Task to complete. Would you print the lines below exactly, beginning at the line that has "In chiusura della" and stopping after the line that has "Inspired by Wendy, the"? Only those lines, and no pictures.

Dataset content START

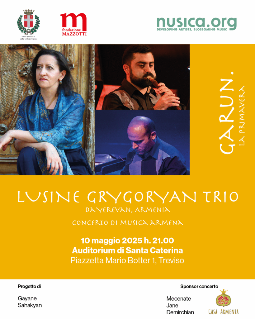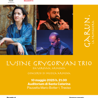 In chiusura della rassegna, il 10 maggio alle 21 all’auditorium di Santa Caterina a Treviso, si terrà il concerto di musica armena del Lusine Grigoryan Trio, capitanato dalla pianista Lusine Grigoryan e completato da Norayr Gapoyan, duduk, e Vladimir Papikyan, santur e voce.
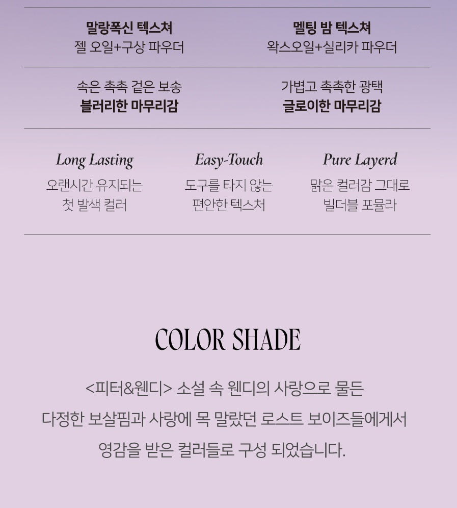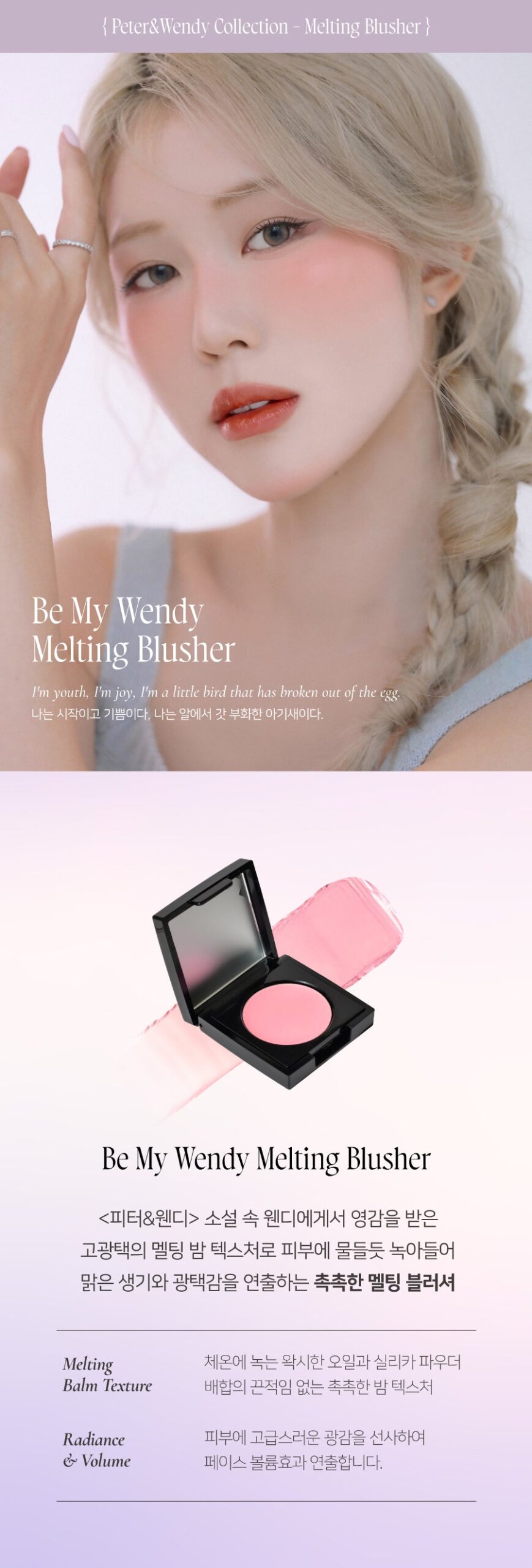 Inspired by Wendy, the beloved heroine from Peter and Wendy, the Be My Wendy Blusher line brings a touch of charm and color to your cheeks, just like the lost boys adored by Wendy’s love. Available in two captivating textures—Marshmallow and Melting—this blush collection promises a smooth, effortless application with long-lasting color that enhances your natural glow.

Dataset content END
Dataset content START

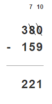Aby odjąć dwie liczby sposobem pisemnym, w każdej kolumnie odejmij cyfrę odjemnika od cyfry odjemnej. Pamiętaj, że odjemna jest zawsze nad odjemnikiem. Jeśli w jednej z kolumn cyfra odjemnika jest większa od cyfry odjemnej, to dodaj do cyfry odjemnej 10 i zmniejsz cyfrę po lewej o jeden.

Dataset content END

Answer to this exercise.
 In chiusura della rassegna, il 10 maggio alle 21 all’auditorium di Santa Caterina a Treviso, si terrà il concerto di musica armena del Lusine Grigoryan Trio, capitanato dalla pianista Lusine Grigoryan e completato da Norayr Gapoyan, duduk, e Vladimir Papikyan, santur e voce.
 Inspired by Wendy, the beloved heroine from Peter and Wendy, the Be My Wendy Blusher line brings a touch of charm and color to your cheeks, just like the lost boys adored by Wendy’s love. Available in two captivating textures—Marshmallow and Melting—this blush collection promises a smooth, effortless application with long-lasting color that enhances your natural glow.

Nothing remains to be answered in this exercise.